— Получить удар? Да, думаю, того.
— Того ли он хотел?
— Ты понимаешь, что он быд самым крупным акционером, или нет? Я сделал ему столько денег, сколько ему и не снилось никогда. Я сделал Имре Хорвата мультимиллионером, когда он уже не мог даже управлять собственной компанией. Это ты понимаешь, нет?
Чарлз что-то говорит, с такого расстояния не слышно, швейцарской стюардессе, та смеется, берет его билет. Чарлз оборачивается и невнятно машет Джону — жест, который показывает глупость прощальных отмашек в аэропортах. Чарлз ступает в узкий деревянный тоннель, на другом конце которого — Нью-Йорк. И уходит. Окон нет, неоткуда посмотреть, как самолет разбегается или взлетает. Все здание вполне сошло бы за второпях выстроенную студию звукозаписи. Джон шаркает на выход, мимо угрюмых рядов такси, платит за стоянку из тех денег, которые Чарлз сунул ему в руку перед посадкой. И все? Это и есть конец эпохи?

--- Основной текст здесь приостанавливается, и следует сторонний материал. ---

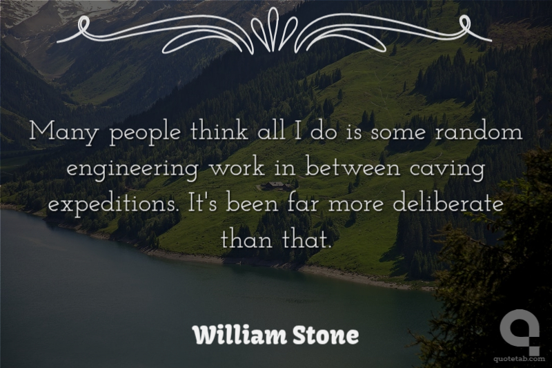 Many people think all I do is some random engineering work in between caving expeditions. It's been far more deliberate than that. William Stone

Джон отъезжает от аэропорта и видит, как Чарлз снова идет к посадочному тоннелю, снова показывает билет хорошенькой швейцарской стюардессе у входа, но на сей раз Джон добавляет смысл и надлежащую концовку. Рев, небеса с грохотом разверзаются: оскорбленное божество не потерпит, чтобы события кончились пшиком без всякого урока. И Кристина Тольди — огненный, пульсирующий, бесполый ангел мести — окликает его: выкрикивает только фамилию, будто взывает ко всем его предкам, к его народу, его подунайскому племени: Габор! Он оборачивается посреди приоритетной посадки. В левой руке черный кейс с монограммой; правая еще не выпустила конец посадочного конверта. С другого конца стюардесса вынимает посадочный талон, но теперь эта стюардесса отброшена на грязный деревянный косяк терминала, белая сборчатая блуза моментально расцветает красным, будто мультипликатор без звука заливает контур нарисованной розы. Ее голова бьется о дверь, и шляпка-таблетка сползает на глаза. Тело в конвульсиях оседает на пол, и шляпка комично встопорщивается на носу, а груди, которыми Джон только что восхищался, вздымаются неровным неглубоким срывающимся дыханием. И снова вспарывающий треск — пук рассерженного Бога, вновь имя, от вопля кровожадной гарпии осыпаются стекла, и теперь красное расплывается на плече рок-футболки, заливая фаллический гитарный гриф, и наконец-то, в присутствии десятков свидетелей, лицо Чарлза Габора освещено чистой эмоцией без иронии. Люди визжат и прячутся под пластиковые стулья, они навсегда запомнят вид похожих на старую высохшую резину внутренних органов, который открылся им, когда реальность прорвалась сквозь искусственность и нелепость окружающей каждодневности. У останков Чарлза Габора не остается времени умолять или пространства для маневра: следующий выстрел отрывает ему щеку. Он падает, и последнее, что он видит в жизни, — стоящая над ним Кристина. Она дважды стреляет ему в шею, потом, всхлипывая, направляет пистолет на себя.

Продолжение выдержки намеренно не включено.